SUPPLIED MATERIAL.
= = = = =
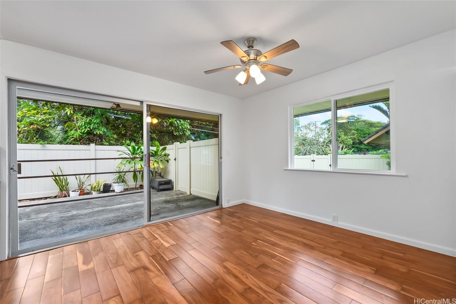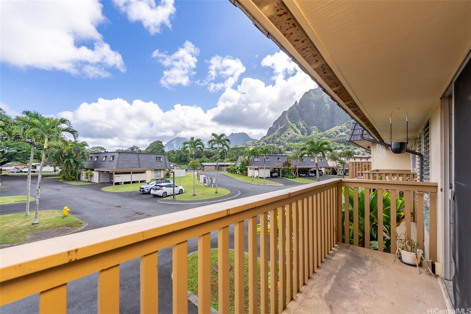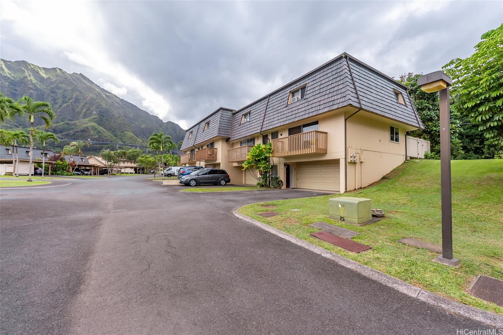 Welcome home to this beautifully maintained 3-bedroom, 2.5-bath townhouse in a peaceful Kaneohe community. Enjoy stunning views of the Ko'olau Mountains and the relaxed Windward lifestyle, surrounded by lush greenery and friendly neighborhood chickens that add a touch of local charm. Inside, you’ll find a spacious layout featuring hardwood and laminate flooring throughout the living areas, tiled bathroom floors, and freshly painted walls. The spacious two-car garage offers ample storage, and the private courtyard is perfect for relaxing or entertaining. Residents enjoy access to a community center and a convenient location just minutes from dining, including Haleiwa Joe’s, as well as shopping, schools, and freeway access. Easy routes via H-3 and Likelike offer a quick commute to Pearl Harbor, Hickam, and Kaneohe Marine Corps Base Hawaii. Don’t miss this opportunity — schedule your private showing today! (One or more photos are enhanced)
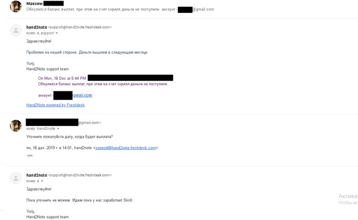 Возникла достаточно странная и неприятная ситуация с выплатами комиссий за привлечение лидов для Hand2Note. Начали приходить письма, что ваша комиссия выплачена на Skrill при этом деньги с аффилействкого счет списываются, а на скрилл не доходят. После письма в саппорт проблема решалась. В ноябре-декабре 2019 снова произошла подобная ситуация, но моего письма в саппорт начались кормления завтраками и отмазы в стиле данной ветки, проблемы со скриллом, выплатим в следующем месяце. После письма о том, что я освещу данную ситуацию на тематических форумах, предложили вариант с PayPal, однако он мне не подходит из-за того, что в Украине его функционал очень сильно ограничен, и получить деньги на счет не нарушая правил системы я не смогу. На это письмо он и вовсе не отреагировали.
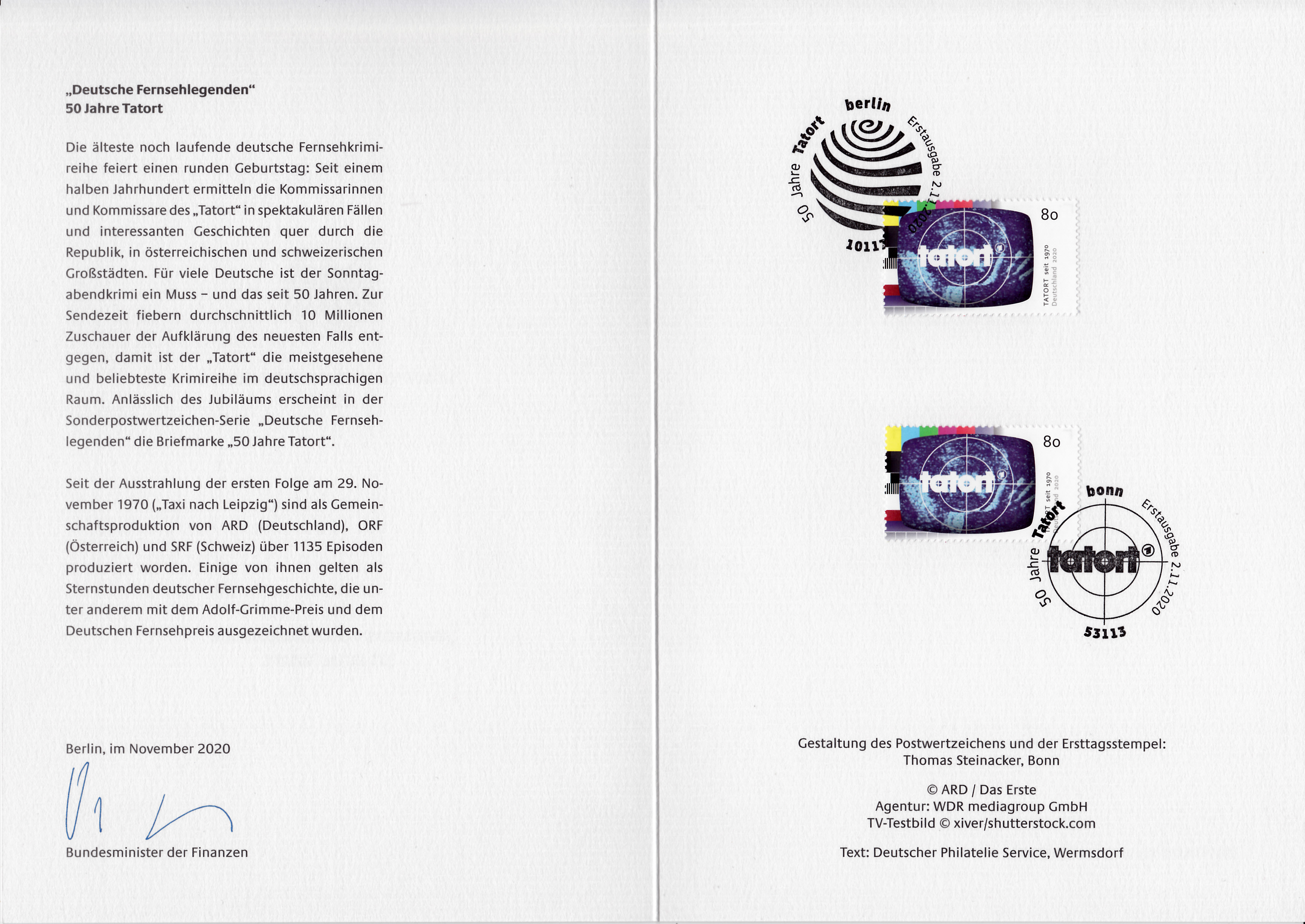 Klappkarte des Vorstandsvorsitzenden der Deutschen Post AG mit einer Marke aus der Serie "Deutsche Fernsehlegenden" (MiNr 3572) mit dem Motiv "Tatort" und mit den Ersttagsonderstempel Bonn.
= = = = =
ACTIVITY. When you copy the data above, keep each line exact and omit the pictures.

FINAL ANSWER.
 Welcome home to this beautifully maintained 3-bedroom, 2.5-bath townhouse in a peaceful Kaneohe community. Enjoy stunning views of the Ko'olau Mountains and the relaxed Windward lifestyle, surrounded by lush greenery and friendly neighborhood chickens that add a touch of local charm. Inside, you’ll find a spacious layout featuring hardwood and laminate flooring throughout the living areas, tiled bathroom floors, and freshly painted walls. The spacious two-car garage offers ample storage, and the private courtyard is perfect for relaxing or entertaining. Residents enjoy access to a community center and a convenient location just minutes from dining, including Haleiwa Joe’s, as well as shopping, schools, and freeway access. Easy routes via H-3 and Likelike offer a quick commute to Pearl Harbor, Hickam, and Kaneohe Marine Corps Base Hawaii. Don’t miss this opportunity — schedule your private showing today! (One or more photos are enhanced)
 Возникла достаточно странная и неприятная ситуация с выплатами комиссий за привлечение лидов для Hand2Note. Начали приходить письма, что ваша комиссия выплачена на Skrill при этом деньги с аффилействкого счет списываются, а на скрилл не доходят. После письма в саппорт проблема решалась. В ноябре-декабре 2019 снова произошла подобная ситуация, но моего письма в саппорт начались кормления завтраками и отмазы в стиле данной ветки, проблемы со скриллом, выплатим в следующем месяце. После письма о том, что я освещу данную ситуацию на тематических форумах, предложили вариант с PayPal, однако он мне не подходит из-за того, что в Украине его функционал очень сильно ограничен, и получить деньги на счет не нарушая правил системы я не смогу. На это письмо он и вовсе не отреагировали.
 Klappkarte des Vorstandsvorsitzenden der Deutschen Post AG mit einer Marke aus der Serie "Deutsche Fernsehlegenden" (MiNr 3572) mit dem Motiv "Tatort" und mit den Ersttagsonderstempel Bonn.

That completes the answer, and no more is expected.